O dirigente da Federasul (Federação de Entidades Empresariais do Rio Grande do Sul) subestima os 15 bilhões em créditos liberados pelo governo federal às grandes empresas, com juros simbólicos de 1% ao ano. Em entrevista, o líder empresarial reconhece o afago paternalista, mas ainda minimiza o montante alçado. “A expectativa era superior”. Na crise climática com a catástrofe das enchentes, os neoliberais se travestem de socialistas.

Pedem que o Tesouro jorre a dinheirama na sociedade e, em simultâneo, seja um camarada comprador dos serviços que financia. Em ocasiões, a demagogia do mercado autorregulado é trocada pelo estatismo de conveniência. A questão é como serão aplicados os aportes do erário. A solidariedade deve ter caráter, verdadeiramente, comunitário e sem desvios.

Não espanta a recente criação pelo governo gaúcho da Secretaria Extraordinária para reconstrução e redefinição das normas fiscais, que tem entre suas funções a contratação das obras de infraestrutura e o monitoramento dos contratos de concessões, com os recursos advindos de Brasília. Tampouco surpreende o secretário, recém nomeado pelo governador tucano, querer imprimir com celeridade a privatização em rodovias e em duas mil escolas públicas no território guasca, com as eufemísticas Parcerias Público-Privadas (PPPs).

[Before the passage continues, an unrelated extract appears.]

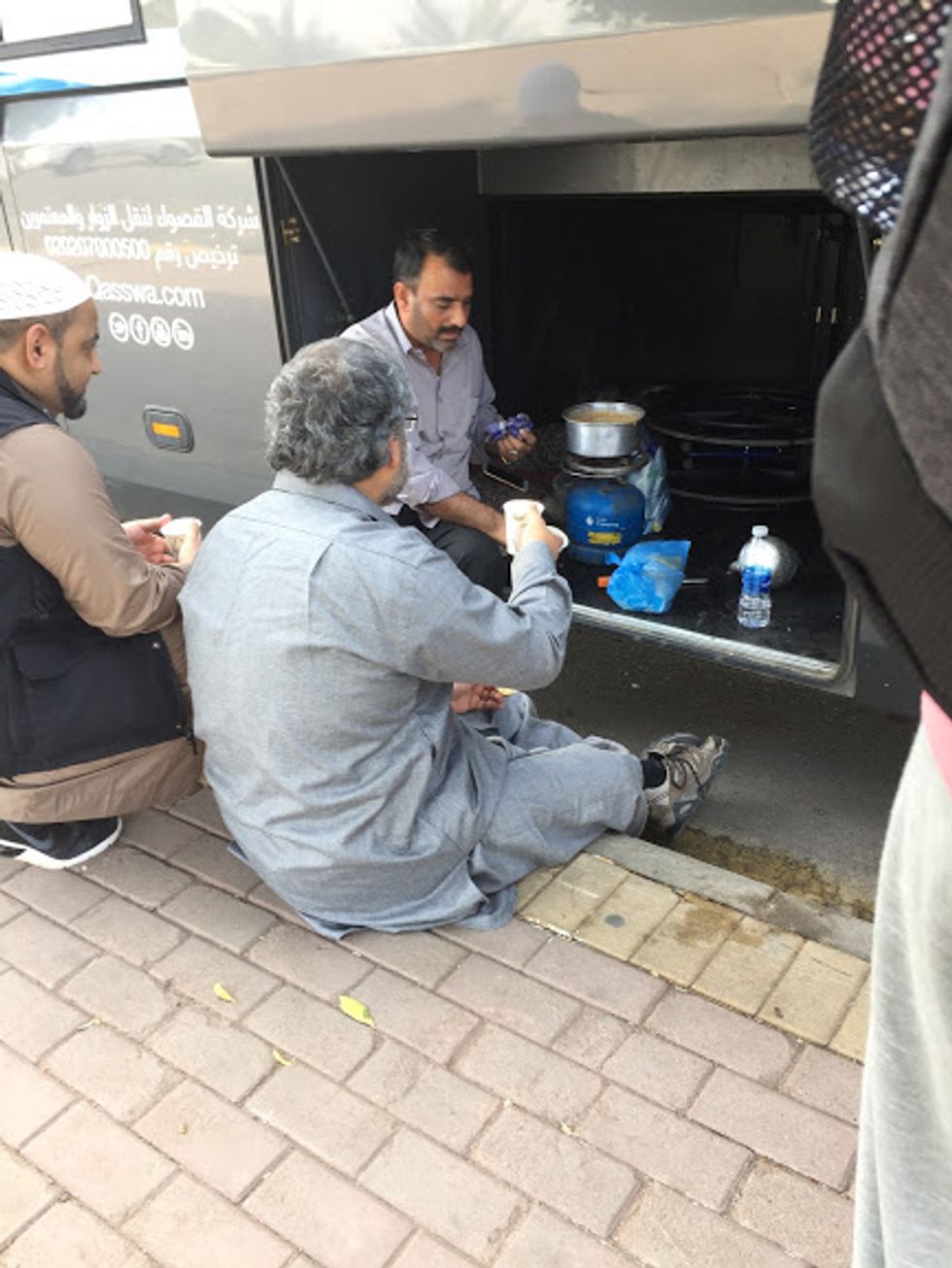 The people who worked in Madinah and Makkah were so kind. Some of them really enjoyed telling us about the city and making our experience more relaxing. For example, in the picture above, our bus driver decided to make us hot chai while we prayed in Masjid Quba. By the time we came back we all sat in the bus and bonded over some great chai.

Alguém precisa avisar o marinheiro que o auxílio não é para navegar na lama do privatismo. É para qualificar a vida dos sobreviventes do cataclismo, enaltecida por um planejamento participativo. O espectro de Nova Orleans paira sobre o calcanhar do Brasil.

Não vale imitar o quero-quero, e cantar longe do ninho. Se não houve aceno do presidente petista à negociação direta das empresas com os empregados, para arrochar os salários e remanejar as férias, isso revela que o antitrabalhismo do golpista Temer e do fascista Bolsonaro é página virada no horizonte brasileiro. Ontem a opinião dos trabalhadores era desconsiderada. Os patrões tinham o timbre da exclusividade, na voz de mando e obediência. Hoje a CUT e o conjunto dos movimentos sociais necessitam ser ouvidos, o que não é favor; é o senso comum em ambientes democráticos. Cabe à República demonstrar imaginação para não tropeçar nas próprias pernas. Calma nessa hora.

O ministro-chefe da Casa Civil Rui Costa verbaliza a intenção de a União realizar a gestão e a manutenção de todas as estruturas de proteção contra cheias, a começar pelo Muro da Mauá, diques e casas de bombas em Porto Alegre. A União moderniza o aparato e repassa a responsabilidade das prefeituras da região metropolitana à administração estadual, por meio de um organismo público. A proposição da governança Lula resolve o problema estrutural.

A notícia está de molho. Desmistifica as pseudo virtudes do mercado e amplia o controle sobre a res publica. Para mais informações, vide a reportagem de Gabriela Moncau – “Alvarez & Marsal, McKinsey e EY: o capitalismo de desastre toma a frente na reconstrução no RS” (in: Brasil de Fato, 31/05/24). – Não ao oportunismo, da vez!

Luiz Marques é professor de ciência política na UFRGS. Foi secretário estadual de cultura do Rio Grande do Sul no governo Olívio Dutra.